Directions » Your task is to return exactly the lines that run from the one containing "Sängerkrieg auf der" through the end of the listing below, without any pictures.

Information given »

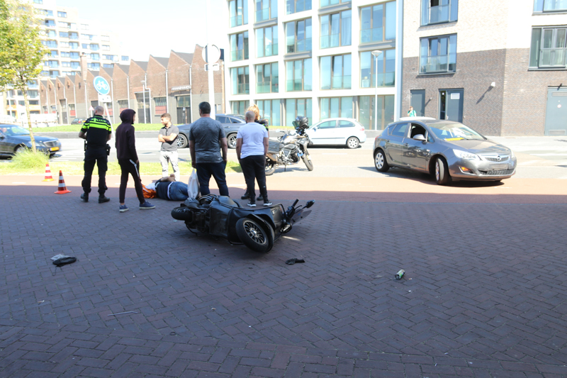 Den Haag – Op de Waldorpstraat in Den Haag heeft maandagmiddag 14 juni een aanrijding plaatsgevonden tussen een scooterrijder en een personenauto.
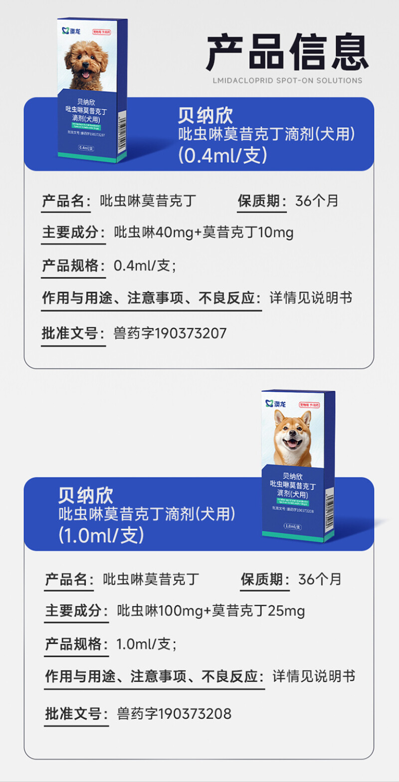 雷米高 澳龙贝纳欣 犬用驱虫药吡虫啉莫昔克丁滴剂3支装
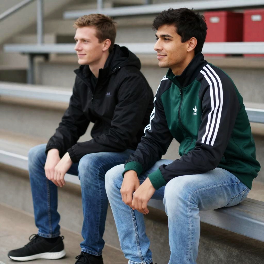 Two men sitting on a metal bleacher. The man on the left has short brown hair, wears a black jacket and blue jeans. The man on the right has dark hair, wears a green and black Adidas jacket, light blue jeans. Both look to the left, smiling. Background includes metal structures and red boxes.
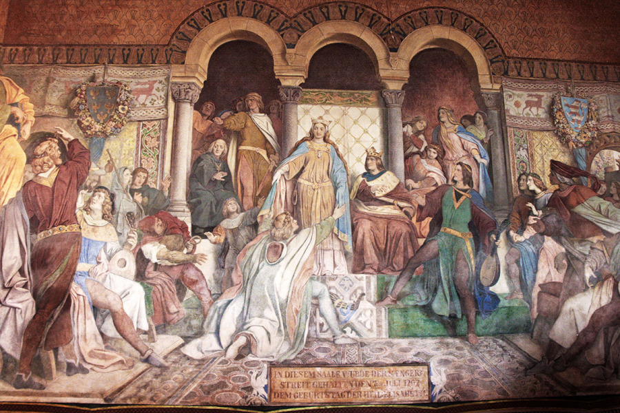 Sängerkrieg auf der Wartburg ist eine schrittweise gewachsene Sammlung mittelhochdeutscher Sangspruchgedichte des 13. Jahrhunderts. Das Fresko malte Moritz von Schwind 1838. Das Thema ist von Richard Wagners Oper Tannhäuser bis zu aktuellen Interpreten immer wieder aktuell.
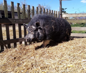 Max' Geschichte: Lange Zeit lebten die Brüder Max und Moritz glücklich auf unserem Hof. Beide wurden 2014 in Deutschland geboren. Wir haben sie als Ferkel aus schlechter Haltung zu uns geholt und gaben ihnen ein neues Zuhause. Es gab zuvor keinen geschlossenen Stall und nicht ausreichend Stroh, um sich bei niedrigen Temperaturen zu wärmen. Moritz verstarb im Januar 2021. Max' Patin war Ines Lange, herzlichen Dank!
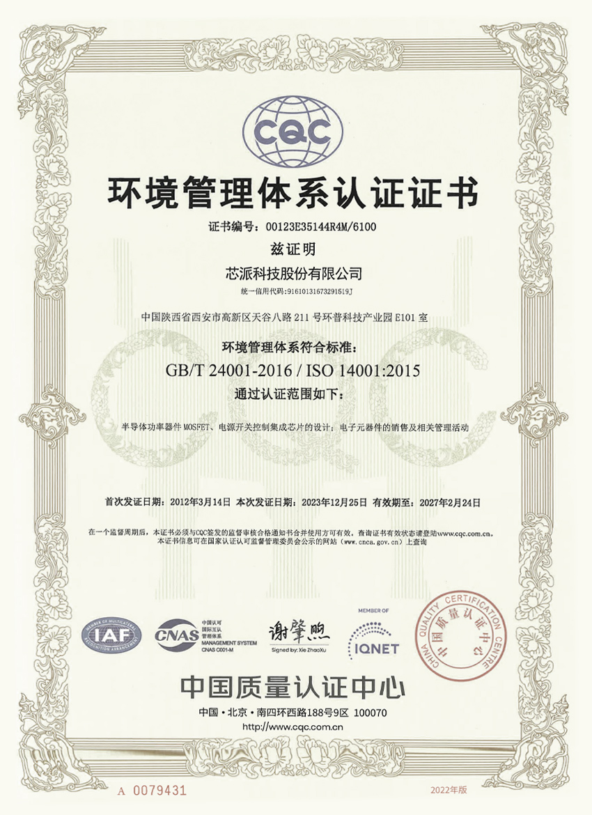 芯派科技通過(guò)中國(guó)質(zhì)量認(rèn)證中心環(huán)境管理體系認(rèn)證

Worked solution »
 Sängerkrieg auf der Wartburg ist eine schrittweise gewachsene Sammlung mittelhochdeutscher Sangspruchgedichte des 13. Jahrhunderts. Das Fresko malte Moritz von Schwind 1838. Das Thema ist von Richard Wagners Oper Tannhäuser bis zu aktuellen Interpreten immer wieder aktuell.
 Max' Geschichte: Lange Zeit lebten die Brüder Max und Moritz glücklich auf unserem Hof. Beide wurden 2014 in Deutschland geboren. Wir haben sie als Ferkel aus schlechter Haltung zu uns geholt und gaben ihnen ein neues Zuhause. Es gab zuvor keinen geschlossenen Stall und nicht ausreichend Stroh, um sich bei niedrigen Temperaturen zu wärmen. Moritz verstarb im Januar 2021. Max' Patin war Ines Lange, herzlichen Dank!
 芯派科技通過(guò)中國(guó)質(zhì)量認(rèn)證中心環(huán)境管理體系認(rèn)證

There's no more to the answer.